■ Nicholas J. Peterka
In Teva Pharmaceuticals USA, Inc. v. Sandoz, Inc., 574 U.S. ___, No. 13-854 (2015), the Supreme Court held that the Federal Circuit must apply the clearly erroneous standard when reviewing a district court’s resolution of subsidiary factual matters made during the court’s patent claim construction.
At dispute was the meaning of the term “molecular weight.” Each party presented extrinsic evidence in the form of expert testimony and, relying on patent owner Teva’s expert, the district court determined that “molecular weight” was not indefinite. Sandoz appealed the claim construction to the Federal Circuit, which reviewed de novo all aspects of the district court’s claim construction and determined that “molecular weight” was indefinite. The Supreme Court granted certiorari and found that, while the determination of questions of law (such as the final claim construction) are reviewed de novo, underlying determinations of subsidiary facts are reviewed for clear error. The Court stated that subsidiary factual matters arise when the court uses extrinsic evidence, such as expert testimony, to aid in claim construction.
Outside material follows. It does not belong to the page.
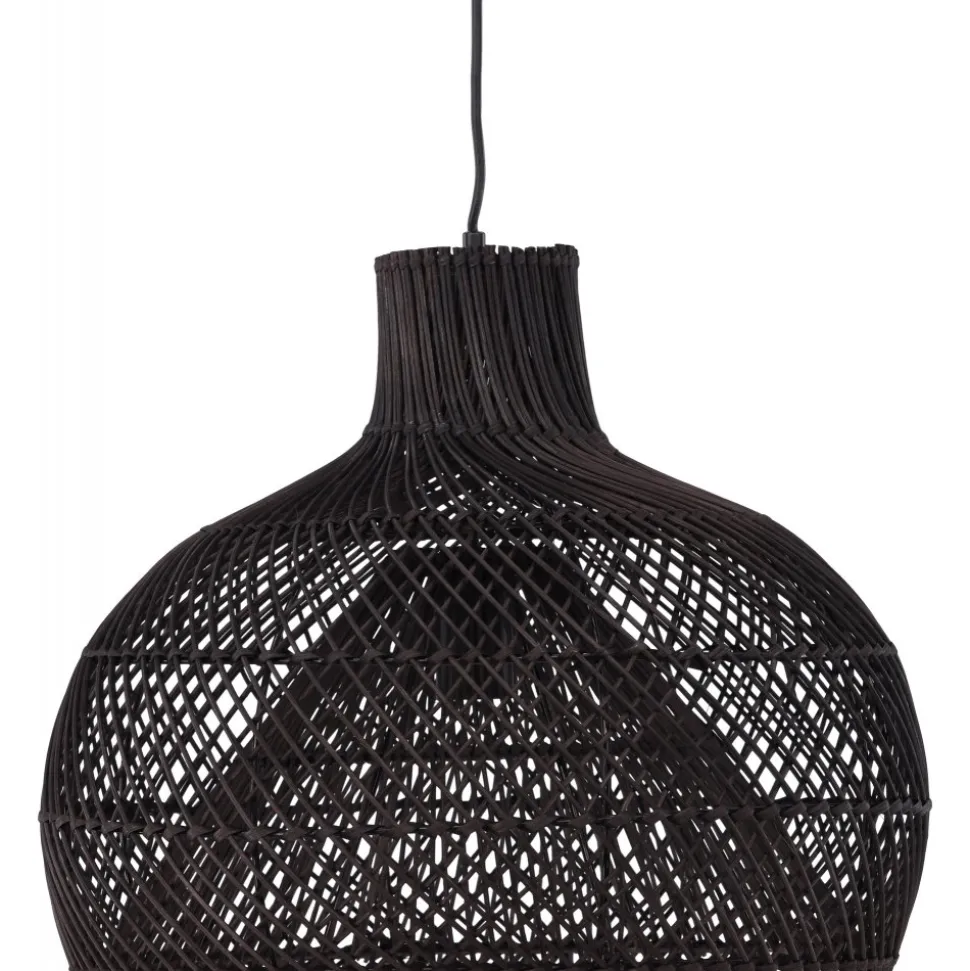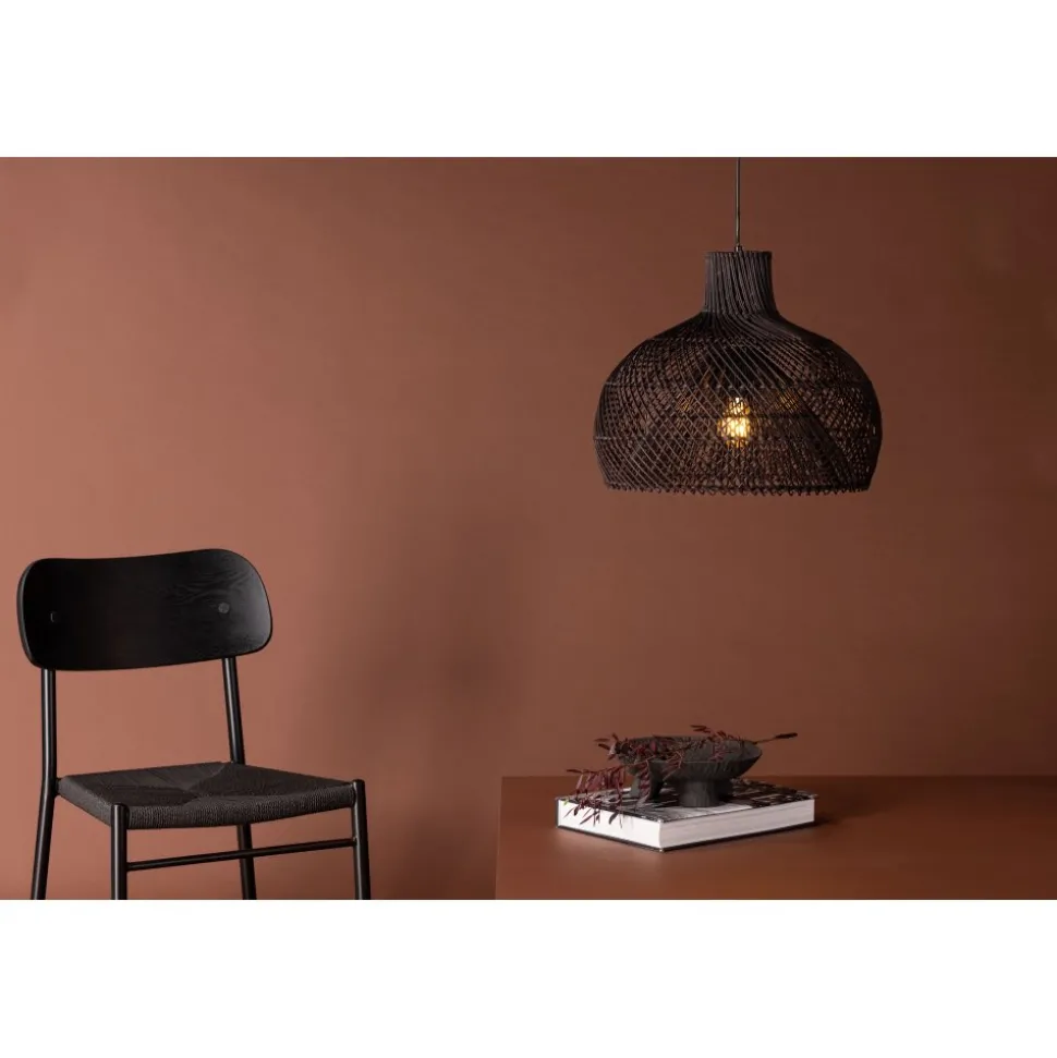 Taklampa som skapar en modern och lyxig känsla i rummet. Lampskärmen är rundad och består utav svart rotting i ett fint mönster. Den generösa storleken gör att lampan passar perfekt över matbordet eller i vardagsrummet. Med denna får du ett vackert sken som skapar en stämningsfull och hemtrevlig atmosfär i rummet.

The Court’s holding will factor into whether a party uses extrinsic evidence, for a party aiming to add more finality to a district court’s claim construction may frame the issues so that extrinsic evidence is vital to the court’s claim construction and, conversely, a party seeking to overturn a claim construction may argue that intrinsic evidence is dispositive and extrinsic evidence is unnecessary. This decision will also affect summary judgment. Because the Court’s holding seemingly elevates the importance of factual determinations in claim construction, factual issues may become potential obstacles to summary judgment, which requires no genuine dispute as to any material fact.